Earth Observation Applications to Landslide Mapping, Monitoring and Modelling: Cutting-edge Approaches with Artificial Intelligence, Aerial and Satellite Imagery focuses on the applications of drone and satellite imagery for mapping landslides. Topics covered include the use of ultra-high aerial imagery, obtained with drones, for mapping and predicting landslide activity (like runoff, volume displacement, exposure to risk, etc.). Subjects related to EO data assimilations into landslide hazard prediction models are also included. The primary aim of this book is to advance the scientific understanding and application of technologies to address a variety of fields related to landslide mapping and monitoring.Because of the intensification of the catastrophic events in the last 20 years, landslide monitoring gained considerable interest from the geoscience community. This book will be beneficial for the postgraduates, PhD research scholars, professors and scientists, geospatial experts, modelers, oceanography scientists and conservation communities, environmental consultants, big data compilers, and computing experts. - Recent developments in landslide monitoring and mapping algorithms - Provides clear and detailed case studies and methods that can be easily replicated and implemented in landslide monitoring systems - Provides detailed methods for applying research to landslide monitoring and mapping



Artificial Intelligence In Remote Sensing For Disaster Management


Artificial Intelligence In Remote Sensing For Disaster Management
DOWNLOAD
Author : Neelam Dahiya
language : en
Publisher: John Wiley & Sons
Release Date : 2025-07-09

Artificial Intelligence In Remote Sensing For Disaster Management written by Neelam Dahiya and has been published by John Wiley & Sons this book supported file pdf, txt, epub, kindle and other format this book has been release on 2025-07-09 with Computers categories.

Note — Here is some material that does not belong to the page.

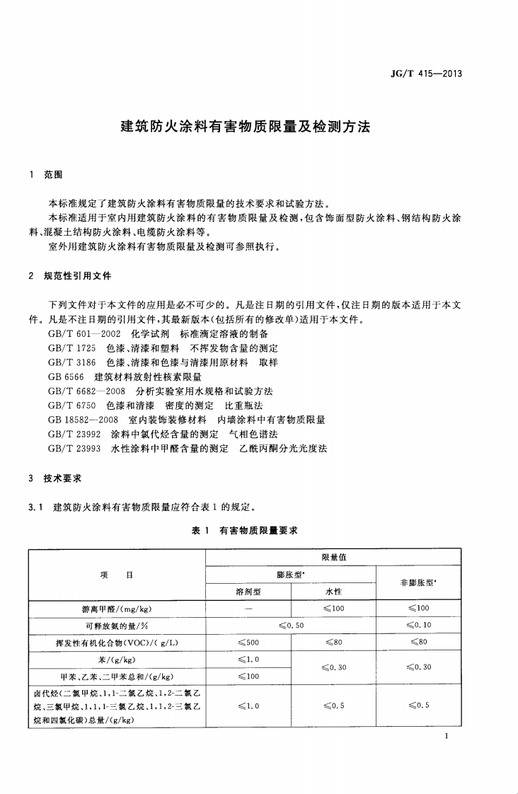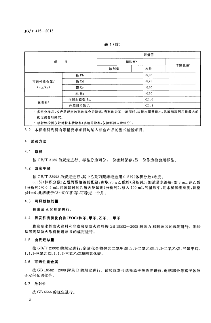 筑防火涂料有害物质限量及检测方法imitandtestmethodofharmfulsubstancesinfire-retardantcoating348072@abc3天前发布关注私信0.37MB11页046筑防火涂料有害物质限量及检测方法imitandtestmethodofharmfulsubstancesinfire-retardantcoating此内容为付费资源,请付费后查看¥23¥36黄金会员免费钻石会员免费立即购买您当前未登录!建议登陆后购买,可保存购买订单付费资源 第1页 / 共11页 第2页 / 共11页 第3页 / 共11页 第4页 / 共11页 第5页 / 共11页 试读已结束,还剩6页,您可下载完整版后进行离线阅读 THE END标准规范 文本预览 1CS87.040025G中华人民共和国建筑工业行业标准JG/T415-2013建筑防火涂料有害物质限量及检测方法Limit and test method of harmful substances in fire-retardant coating2013-09-29发布2014-02-01实施中华人民共和国住房和城乡建设部发布 查看更多 收起部分 喜欢就支持一下吧收藏

Invest in Artificial Intelligence in Remote Sensing for Disaster Management to gain invaluable insights into cutting-edge AI technologies and their transformative role in effectively monitoring and managing natural disasters. Artificial Intelligence in Remote Sensing for Disaster Management examines the involvement of advanced tools and technologies such as Artificial Intelligence in disaster management with remote sensing. Remote sensing offers cost-effective, quick assessments and responses to natural disasters. In the past few years, many advances have been made in the monitoring and mapping of natural disasters with the integration of AI in remote sensing. This volume focuses on AI-driven observations of various natural disasters including landslides, snow avalanches, flash floods, glacial lake outburst floods, and earthquakes. There is currently a need for sustainable development, near real-time monitoring, forecasting, prediction, and management of natural resources, flash floods, sea-ice melt, cyclones, forestry, and climate changes. This book will provide essential guidance regarding AI-driven algorithms specifically developed for disaster management to meet the requirements of emerging applications.